У Тьядена большущий зуб на Химмельштоса, так как в учебном лагере тот по-своему усердно его воспитывал. Тьяден мочится в постель, бывает с ним такое, ночью, во сне. Химмельштос упрямо твердил, что виновата здесь только лень, и измыслил весьма характерный способ излечить Тьядена. Отыскал в соседнем бараке еще одного бедолагу, по фамилии Киндерфатер, и определил соседом к Тьядену. В бараках стояли обычные двухэтажные койки, с проволочной сеткой. Химмельштос разместил этих двоих друг над другом, одного наверху, второго внизу. Нижнему, ясное дело, приходилось хреново. Зато следующим вечером они менялись местами, нижний занимал верхнюю койку, в порядке компенсации. Вот так Химмельштос понимал самовоспитание.
Затея пакостная, хотя мысль-то хорошая. К сожалению, результат оказался нулевой, поскольку ложной была исходная предпосылка: лень здесь ни при чем. Любой мог заметить, глядя на их землисто-бледную кожу. Кончилось тем, что один всегда спал на полу. И легко мог простудиться…
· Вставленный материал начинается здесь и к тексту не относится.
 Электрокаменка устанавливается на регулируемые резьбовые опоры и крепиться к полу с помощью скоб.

Тем временем к нам присоединился и Хайе. Он подмигивает мне и благоговейно потирает ручищу. Мы сообща пережили лучшие минуты своей армейской жизни. Было это вечером накануне отправки на фронт. Нас зачислили в один из полков с многозначным номером, но предварительно отвезли в гарнизон, для получения обмундирования, причем не в лагерь новобранцев, а в другую казарму. Отъезд – завтра, рано утром. Вечером мы улизнули оттуда, чтобы поквитаться с Химмельштосом. Слово себе дали, еще несколько недель назад. Кропп дошел даже до того, что вознамерился в мирное время изучить почтовое дело и позднее, когда Химмельштос станет вновь разносить письма, сделаться его начальником. И с упоением расписывал, как будет его тиранить. Потому-то Химмельштос и не сумел нас сломить – мы не теряли надежды когда-нибудь его прищучить, хотя бы и в конце войны.
Пока что решено было хорошенько намять ему бока. Нам-то ничего не грозит, если он нас не узнает, а утром мы ни свет ни заря все равно уезжаем.
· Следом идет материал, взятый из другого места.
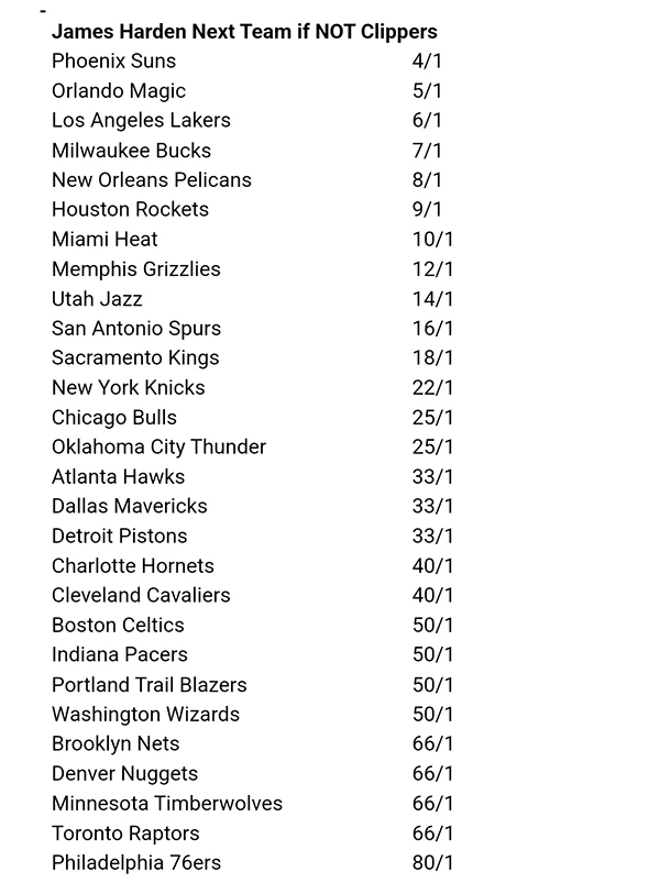 若离开快船队,哈登下家赔率详情——1、太阳4/1;2、魔术5/1;3、湖人6/1;4、雄鹿7/1;5、鹈鹕8/1;6、火箭9/1;7、热火10/1;8、灰熊12/1;9、爵士14/1;10、马刺16/1;11、国王18/1;12、尼克斯22/1;13、公牛雷霆25/1;14、老鹰、独行侠和活塞33/1;15、黄蜂和骑士40/1;16、凯尔特人、步行者、开拓者和骑士50/1;17、篮网、掘金、森林狼和猛龙66/1;18、76人80/1

Мы знали, в какой пивной Химмельштос торчал каждый вечер. Возвращаясь оттуда в казарму, он проходил по темной, незастроенной улице. Там-то мы и караулили за кучей камней. Я прихватил с собой наперник. Мы с трепетом душевным ждали, будет ли унтер один. Наконец послышались его шаги, точно его, не спутаешь, мы достаточно часто слышали их по утрам, когда распахивалась дверь и он орал: «Подъем!»
– Один? – прошептал Кропп.
– Один!
Мы с Тьяденом тихонько выбрались из-за кучи.
Вон уже взблеснула пряжка поясного ремня. Химмельштос, по всей видимости чуть навеселе, напевал и, ни о чем не подозревая, прошел мимо.
Подхватив наперник, мы тихонько метнулись вперед, нахлобучили ему на голову и дернули книзу, так что он стоял как бы в белом мешке и не мог поднять руки. Пение стихло.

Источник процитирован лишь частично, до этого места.